TL;DR
- The Bank of England base rate was 4.25% as of May 2026, down from a peak of 5.25% in 2023-24.
- Two-year fixed mortgage rates ranged approximately 4.0%-5.5% in early 2026 depending on LTV and lender.
- Your rate depends on loan-to-value ratio, credit history, property type, and product type.
- FCA MCOB rules require lenders to stress-test affordability at a rate above the initial product rate.
- The FCA regulates mortgage advice. Any broker or lender must be FCA-authorised.
Last reviewed: May 2026 | Sources: Bank of England, FCA, ONS
Mortgage rates in the UK are influenced by the Bank of England base rate, swap rates in financial markets, and each lender cost of funding and risk appetite. Use the UK mortgage affordability calculator alongside this guide to estimate how much you can borrow at current rates.
How UK mortgage rates are set
Lenders price mortgages by adding a margin above their cost of borrowing. For tracker mortgages, the cost of borrowing is directly linked to the Bank of England base rate. For fixed-rate mortgages, lenders use swap rates - derivatives that allow them to exchange variable for fixed interest payments over a set period. Swap rates move ahead of base rate changes and reflect market expectations for future rate movements. The Bank of England base rate was 4.25% in May 2026.
Fixed versus tracker mortgages
A fixed-rate mortgage locks in an interest rate for a defined period, typically two or five years. Monthly payments remain constant regardless of base rate movements. At the end of the fixed term, the borrower moves to the lender standard variable rate (SVR) unless they remortgage. A tracker mortgage follows the Bank of England base rate plus a fixed margin. An SVR is set by each lender at its discretion and is typically higher than fixed or tracker products.

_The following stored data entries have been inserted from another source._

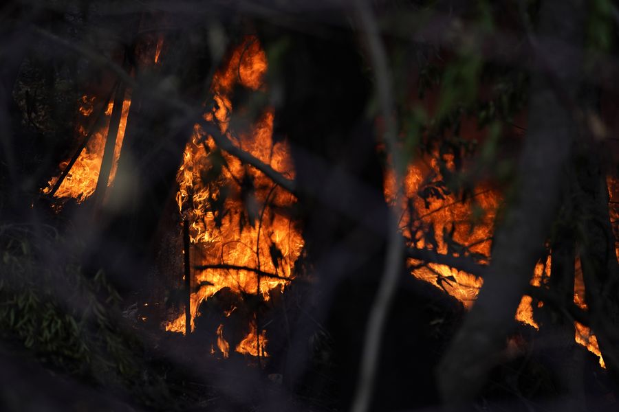 A firefighter tries to put out a fire in Santa Clarita, the U.S. state of California, Oct. 24, 2019. (Xinhua/Li Ying)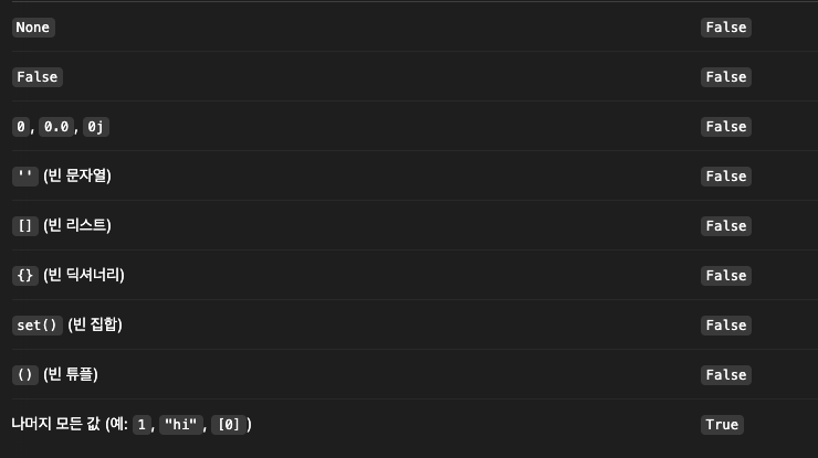 참과 거짓은 조건문의 결과로도 반환되지만, 다음의 표처럼 자료형의 값 자체로도 참과 거짓이 나누어집니다.
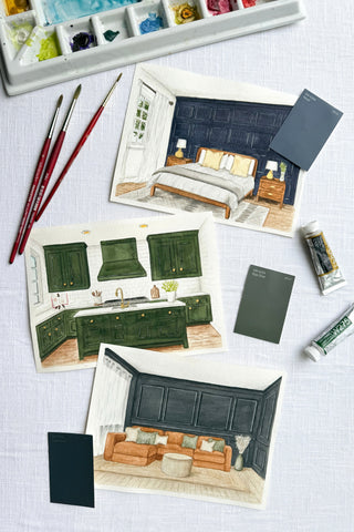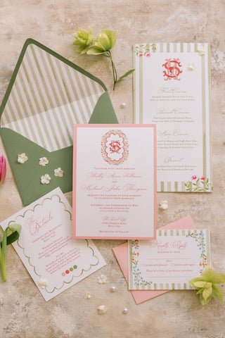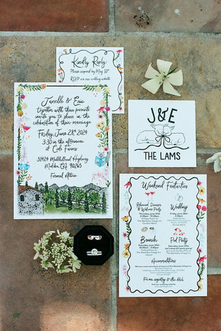 Hand-painted artwork—venue sketches, crests, botanicals, and more—translated into clean design layouts and thoughtful materials for a suite that feels like you.

Loan-to-value and how it affects your rate
Loan-to-value (LTV) is the mortgage amount expressed as a percentage of the property value. Lower LTV typically results in a lower interest rate. Moving from 85% LTV to 80% LTV by increasing your deposit can substantially reduce the rate. Use the mortgage affordability calculator to model LTV scenarios alongside income multiples.
RELATED GUIDES: Mortgages and Property Finance
Affordability and credit assessment
Under FCA mortgage conduct rules (MCOB), lenders must assess affordability before granting a regulated mortgage contract. Affordability assessment considers income, existing debts, committed expenditure, and stress-testing against potential rate increases. Credit history is assessed via credit reference agencies. County Court Judgments (CCJs), missed payments, and high credit utilisation all affect the rate offered.
Regulatory framework
Mortgage lending and advice in the UK is regulated by the FCA under the Mortgage Credit Directive as implemented in the UK following Brexit. All mortgage lenders and brokers must be FCA-authorised. The Financial Ombudsman Service handles complaints about mortgage lenders and brokers.
Disclaimer: This article is for informational purposes only and does not constitute financial advice. Mortgage products and rates change frequently. All mortgage lending is subject to status and affordability assessment. Always verify current rates with lenders or via an FCA-authorised broker.
Frequently asked questions
What is the current Bank of England base rate?
The Bank of England base rate was 4.25% as of May 2026. The Monetary Policy Committee publishes rate decisions and forecasts at bankofengland.co.uk.
How does a mortgage rate differ from a personal loan rate?
Mortgage rates are secured against property and typically carry much lower APRs than personal loans, which are unsecured. The trade-off is that failure to repay a mortgage puts the property at risk of repossession, whereas an unsecured loan does not.
What is APRC on a mortgage?
APRC (Annual Percentage Rate of Charge) is the measure used for mortgages. It includes the interest rate and mandatory fees spread over the full term, providing a single comparable figure. For mortgages, always compare using APRC and the initial rate for the fixed or tracker period.
Can I get a mortgage with a 5% deposit?
Yes. 95% LTV mortgages are available from a range of lenders. The government mortgage guarantee scheme has supported 95% LTV product availability. Rates at 95% LTV are higher than at lower LTV tiers.
What happens when my fixed rate ends?
At the end of the fixed term, the mortgage reverts to the lender SVR unless you remortgage. SVRs are usually higher than available fixed rates. The FCA requires lenders to contact borrowers before the end of a fixed term to provide information about available products.
How this guide was verified
This article draws on Bank of England MPC minutes, FCA MCOB sourcebook, ONS House Price Index, and HM Treasury mortgage guarantee scheme documentation. No secondary aggregator sites were used as sources.